(Excerpts from a dataset)
· · · · · · ·

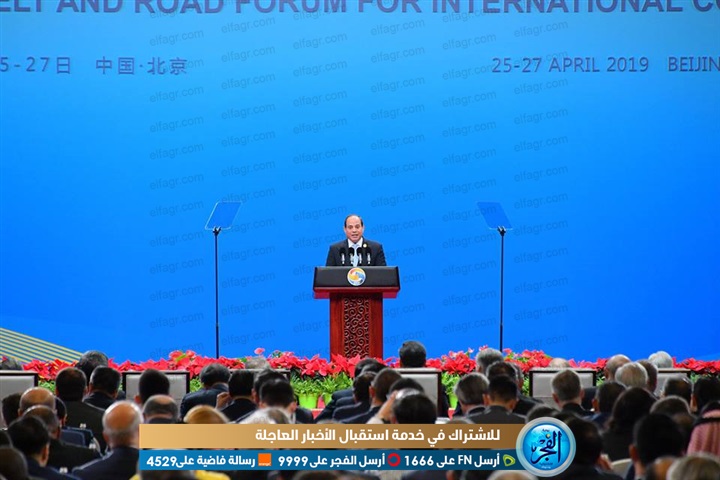 إن حرصي على تلبية دعوة صديقي فخامة الرئيس "شي جين بينج" للمشاركة في هذه القمة، إنما ينبع من اهتمام مصر بمبادرة الحزام والطريق، ولإيماننا بأن القواسم والتحديات المشتركة التي تجمعنا كدول أطراف فيها، جنباً إلى جنب مع الرؤية التي تأسست عليها المبادرة ومحاورها ومشروعاتها، ينبغي أن تشكل أسس التعاون بين أطرافها، بقصد تحقيق تطلعات شعوبنا ومصالح دولنا تجاه الاستقرار والتنمية.
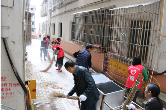 石鼓居委“康养垫江·清洁家园”环境整治活动动员大会结束后,政府职工、村社干部、部分人大代表趁势向赶集的老百姓们进行了广泛的环境保护宣传活动,发放宣传单、宣讲环保知识,走家串户,积极动员全镇居民参与到环境保护中来。随后,全体人员拿着扫帚、铁铲,推着垃圾车,深入到背街小巷进行集镇清扫活动,经过3小时的清扫、铲除、转运垃圾,场镇面貌焕然一新。
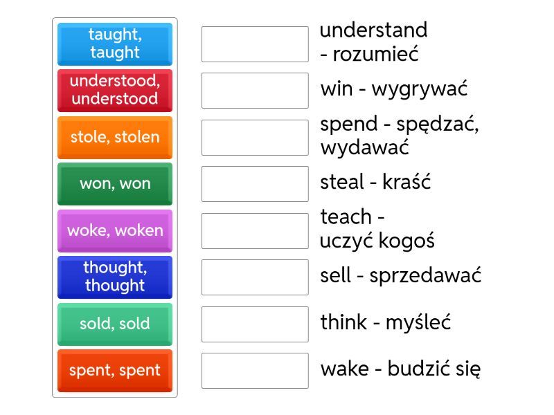 saw, seen - see - widzieć, sold, sold - sell - sprzedawać, sent, sent - send - wysyłać, set, set - set - ustawić, showed, shown - show - pokazać, sang, sung - sing - śpiewać, sat, sat - sit - siedzieć, slept, slept - sleep - spać, spoke, spoken - speak - mówić, spent, spent - spend - spędzać, wydawać, stood, stood - stand - stać, stole, stolen - steal - kraść, swept, swept - sweep - zamiatać, swam, swum - swim - pływać, wrote, written - write - pisać, won, won - win - wygrywać, wore, worn - wear - nosić, woke, woken - wake - budzić się, understood, understood - understand - rozumieć, thought, thought - think - myśleć, told, told - tell- powiedzieć, taught, taught - teach - uczyć kogoś, took, taken - take - brać,
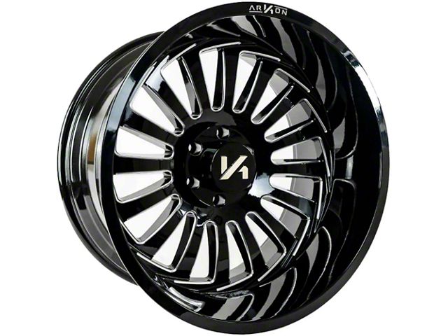 Arkon Off-Road Alexander Gloss Black Milled 6-Lug 4-Wheel Kit; 22x12; -51mm Offset exudes sophistication with its finish, offering a sleek and modern appeal to any vehicle it adorns. The design is meticulously crafted to enhance the aesthetic of your vehicle, giving it a distinctive and upscale look. Perfect for those seeking to elevate their vehicle's style, this wheel blends seamlessly with both contemporary and classic vehicle designs, making it a versatile choice for a wide range of vehicles. Its robust construction ensures durability, making it a reliable choice for drivers who value both style and quality.
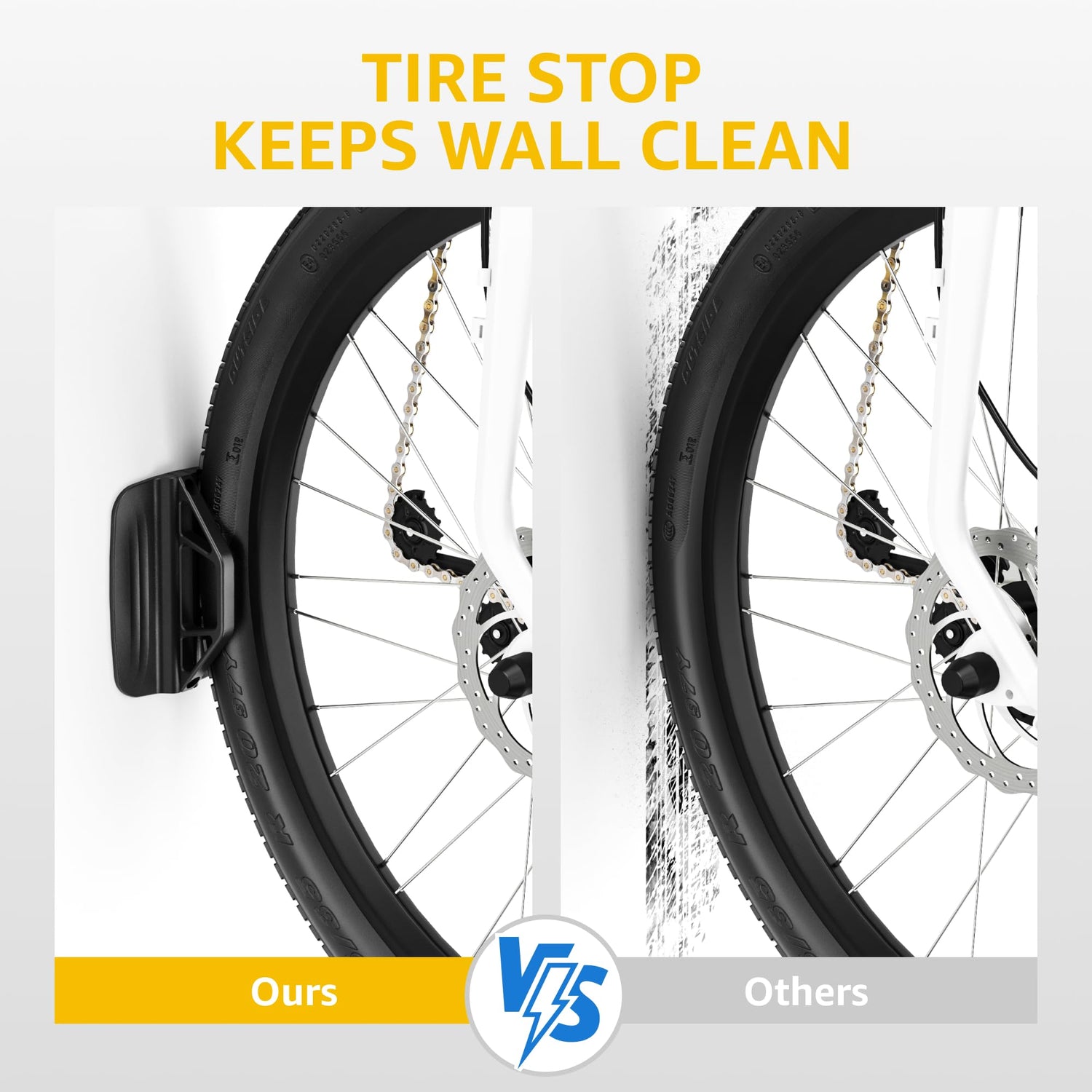 - ăStrong, Safe & Secureă monTEK bike wall mount is made of heavy-duty solid steel are able to hang weights up to 30 kg / 66.2 lbs. Rubber coated wall bike rack relieves pressure on the wheels, rims, and spokes and protects from unwanted scratches. The wall-mounted tire stop not only safeguards your bike but also protects your wall from unsightly scratches. Swivel bike wall mount - Hang and store your bike in a vertical position, allowing for convenient storage and removal.

· · · · · · ·

__THE TASK__.
In the copy, include no pictures; otherwise transcribe the entries exactly.

__TASK RESPONSE__.
 إن حرصي على تلبية دعوة صديقي فخامة الرئيس "شي جين بينج" للمشاركة في هذه القمة، إنما ينبع من اهتمام مصر بمبادرة الحزام والطريق، ولإيماننا بأن القواسم والتحديات المشتركة التي تجمعنا كدول أطراف فيها، جنباً إلى جنب مع الرؤية التي تأسست عليها المبادرة ومحاورها ومشروعاتها، ينبغي أن تشكل أسس التعاون بين أطرافها، بقصد تحقيق تطلعات شعوبنا ومصالح دولنا تجاه الاستقرار والتنمية.
 石鼓居委“康养垫江·清洁家园”环境整治活动动员大会结束后,政府职工、村社干部、部分人大代表趁势向赶集的老百姓们进行了广泛的环境保护宣传活动,发放宣传单、宣讲环保知识,走家串户,积极动员全镇居民参与到环境保护中来。随后,全体人员拿着扫帚、铁铲,推着垃圾车,深入到背街小巷进行集镇清扫活动,经过3小时的清扫、铲除、转运垃圾,场镇面貌焕然一新。
 saw, seen - see - widzieć, sold, sold - sell - sprzedawać, sent, sent - send - wysyłać, set, set - set - ustawić, showed, shown - show - pokazać, sang, sung - sing - śpiewać, sat, sat - sit - siedzieć, slept, slept - sleep - spać, spoke, spoken - speak - mówić, spent, spent - spend - spędzać, wydawać, stood, stood - stand - stać, stole, stolen - steal - kraść, swept, swept - sweep - zamiatać, swam, swum - swim - pływać, wrote, written - write - pisać, won, won - win - wygrywać, wore, worn - wear - nosić, woke, woken - wake - budzić się, understood, understood - understand - rozumieć, thought, thought - think - myśleć, told, told - tell- powiedzieć, taught, taught - teach - uczyć kogoś, took, taken - take - brać,
 Arkon Off-Road Alexander Gloss Black Milled 6-Lug 4-Wheel Kit; 22x12; -51mm Offset exudes sophistication with its finish, offering a sleek and modern appeal to any vehicle it adorns. The design is meticulously crafted to enhance the aesthetic of your vehicle, giving it a distinctive and upscale look. Perfect for those seeking to elevate their vehicle's style, this wheel blends seamlessly with both contemporary and classic vehicle designs, making it a versatile choice for a wide range of vehicles. Its robust construction ensures durability, making it a reliable choice for drivers who value both style and quality.
 - ăStrong, Safe & Secureă monTEK bike wall mount is made of heavy-duty solid steel are able to hang weights up to 30 kg / 66.2 lbs. Rubber coated wall bike rack relieves pressure on the wheels, rims, and spokes and protects from unwanted scratches. The wall-mounted tire stop not only safeguards your bike but also protects your wall from unsightly scratches. Swivel bike wall mount - Hang and store your bike in a vertical position, allowing for convenient storage and removal.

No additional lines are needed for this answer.